[Source data]
[Start of Attachment]

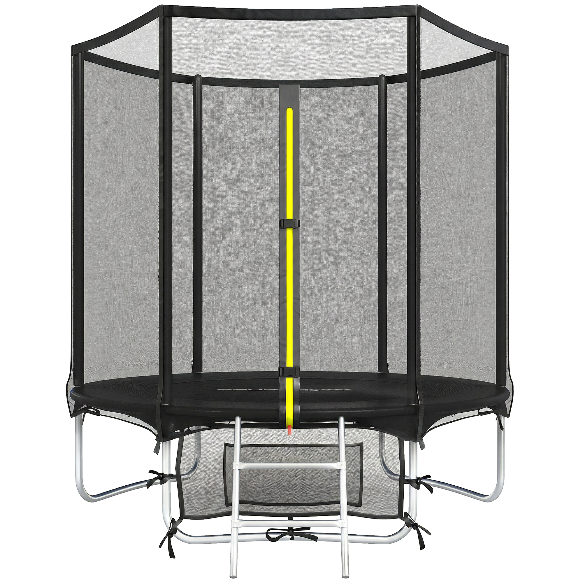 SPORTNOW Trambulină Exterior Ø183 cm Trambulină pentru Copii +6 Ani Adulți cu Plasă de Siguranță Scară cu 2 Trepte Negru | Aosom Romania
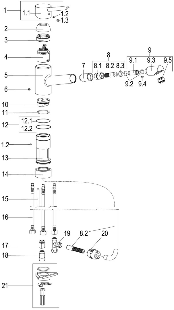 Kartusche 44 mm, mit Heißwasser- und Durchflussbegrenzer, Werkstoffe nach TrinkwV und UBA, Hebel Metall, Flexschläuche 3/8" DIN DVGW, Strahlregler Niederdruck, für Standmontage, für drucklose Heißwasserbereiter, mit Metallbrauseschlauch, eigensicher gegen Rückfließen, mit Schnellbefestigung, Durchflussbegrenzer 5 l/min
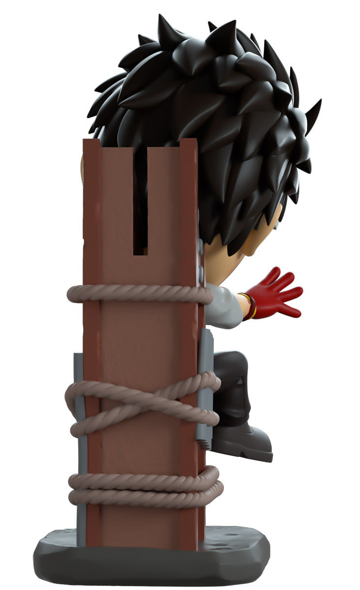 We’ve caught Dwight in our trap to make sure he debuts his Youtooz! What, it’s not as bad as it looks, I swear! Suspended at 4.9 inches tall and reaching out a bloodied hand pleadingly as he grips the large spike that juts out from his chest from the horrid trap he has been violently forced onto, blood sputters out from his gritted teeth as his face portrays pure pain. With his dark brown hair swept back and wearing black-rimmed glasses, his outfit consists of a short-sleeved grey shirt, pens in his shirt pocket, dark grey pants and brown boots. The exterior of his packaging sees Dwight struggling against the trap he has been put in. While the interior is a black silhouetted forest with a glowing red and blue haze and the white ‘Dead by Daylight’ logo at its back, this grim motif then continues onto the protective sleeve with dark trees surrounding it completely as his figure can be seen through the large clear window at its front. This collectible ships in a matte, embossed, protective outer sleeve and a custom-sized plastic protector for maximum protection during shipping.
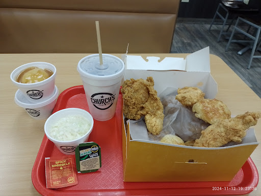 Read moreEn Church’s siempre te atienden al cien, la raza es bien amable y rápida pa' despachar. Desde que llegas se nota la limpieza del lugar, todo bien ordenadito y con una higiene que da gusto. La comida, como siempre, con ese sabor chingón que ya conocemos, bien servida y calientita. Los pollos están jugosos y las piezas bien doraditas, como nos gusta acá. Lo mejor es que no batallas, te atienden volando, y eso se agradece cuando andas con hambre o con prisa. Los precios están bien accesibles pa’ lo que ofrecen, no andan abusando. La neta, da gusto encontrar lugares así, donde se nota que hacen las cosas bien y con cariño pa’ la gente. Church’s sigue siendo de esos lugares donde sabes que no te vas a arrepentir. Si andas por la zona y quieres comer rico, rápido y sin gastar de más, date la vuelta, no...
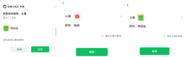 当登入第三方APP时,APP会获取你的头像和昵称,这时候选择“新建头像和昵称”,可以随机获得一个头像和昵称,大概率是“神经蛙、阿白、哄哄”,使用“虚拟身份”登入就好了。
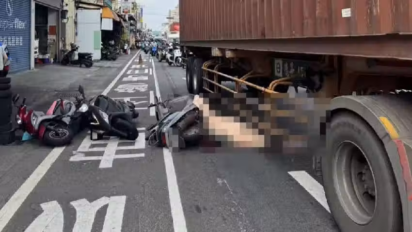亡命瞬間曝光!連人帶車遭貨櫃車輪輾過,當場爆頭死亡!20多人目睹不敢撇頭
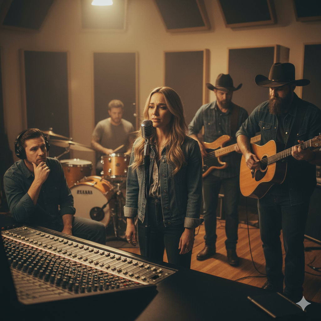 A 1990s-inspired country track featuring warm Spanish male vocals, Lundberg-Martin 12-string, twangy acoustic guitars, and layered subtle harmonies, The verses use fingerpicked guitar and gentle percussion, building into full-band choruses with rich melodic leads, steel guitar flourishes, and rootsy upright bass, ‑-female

[End of Attachment]
[Start of Attachment]

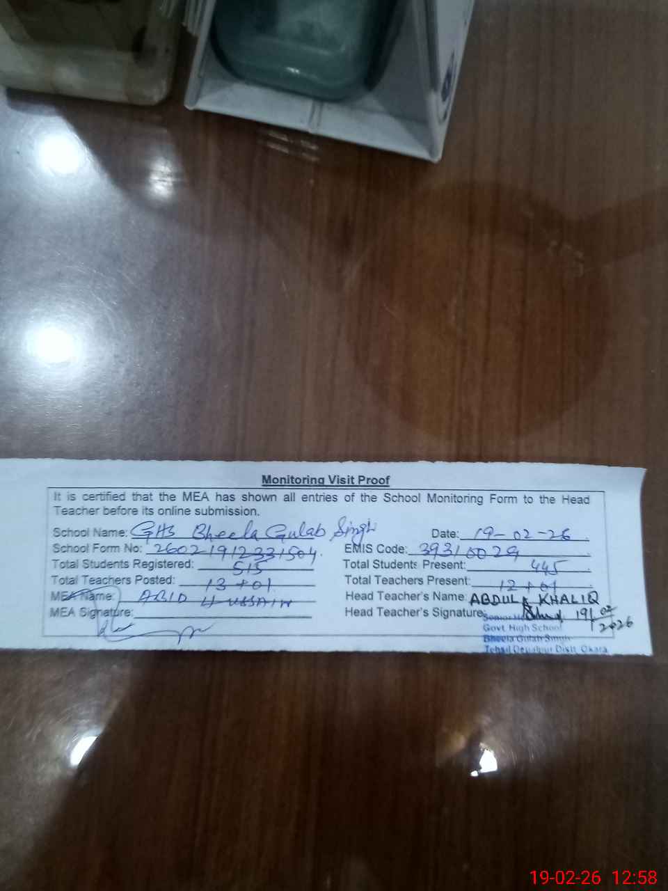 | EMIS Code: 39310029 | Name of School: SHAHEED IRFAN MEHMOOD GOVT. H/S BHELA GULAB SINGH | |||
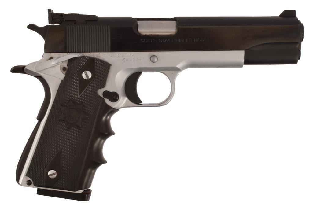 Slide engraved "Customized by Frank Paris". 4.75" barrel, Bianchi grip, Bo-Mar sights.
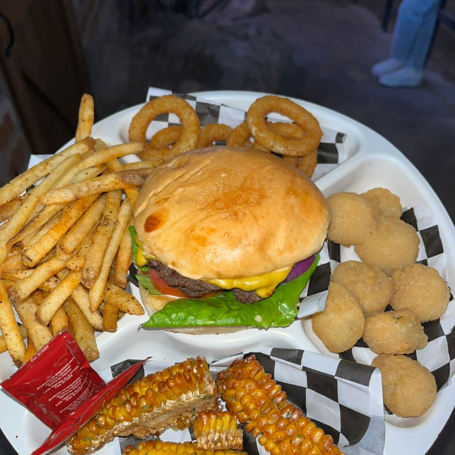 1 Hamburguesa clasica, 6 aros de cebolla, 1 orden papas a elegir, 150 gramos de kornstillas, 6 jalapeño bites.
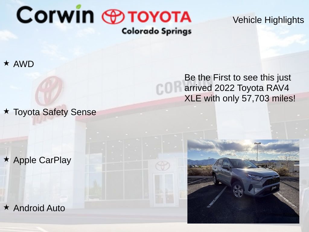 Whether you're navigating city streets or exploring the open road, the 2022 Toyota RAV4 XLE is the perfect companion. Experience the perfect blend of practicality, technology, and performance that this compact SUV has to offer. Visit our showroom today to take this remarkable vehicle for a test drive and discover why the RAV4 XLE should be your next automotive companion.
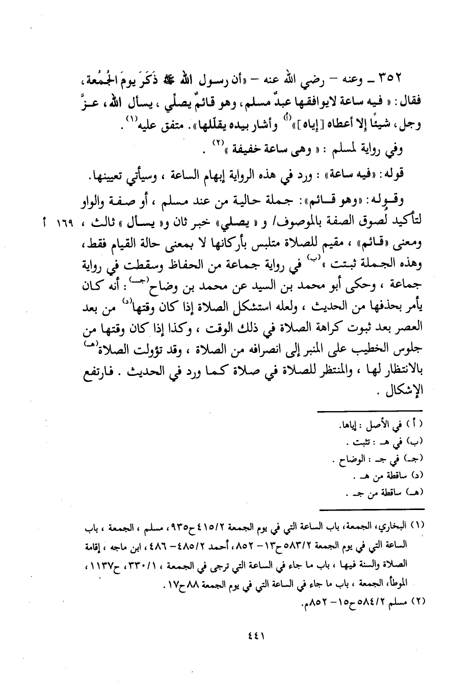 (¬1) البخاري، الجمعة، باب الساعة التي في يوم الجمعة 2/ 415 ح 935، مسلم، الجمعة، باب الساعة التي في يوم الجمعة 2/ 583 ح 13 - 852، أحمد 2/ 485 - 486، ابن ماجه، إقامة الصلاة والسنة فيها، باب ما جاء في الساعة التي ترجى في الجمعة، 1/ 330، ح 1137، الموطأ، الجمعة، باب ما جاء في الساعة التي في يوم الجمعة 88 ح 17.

[End of Attachment]

PROBLEM TO WORK ON:
Only the lines starting at the one that includes "当登入第三方APP时,APP" and ending at the one that includes "A 1990s-inspired country" should be retyped, exactly, from the records above; no pictures.

RESPONSE FOR THIS EXERCISE:
 当登入第三方APP时,APP会获取你的头像和昵称,这时候选择“新建头像和昵称”,可以随机获得一个头像和昵称,大概率是“神经蛙、阿白、哄哄”,使用“虚拟身份”登入就好了。
亡命瞬間曝光!連人帶車遭貨櫃車輪輾過,當場爆頭死亡!20多人目睹不敢撇頭
 A 1990s-inspired country track featuring warm Spanish male vocals, Lundberg-Martin 12-string, twangy acoustic guitars, and layered subtle harmonies, The verses use fingerpicked guitar and gentle percussion, building into full-band choruses with rich melodic leads, steel guitar flourishes, and rootsy upright bass, ‑-female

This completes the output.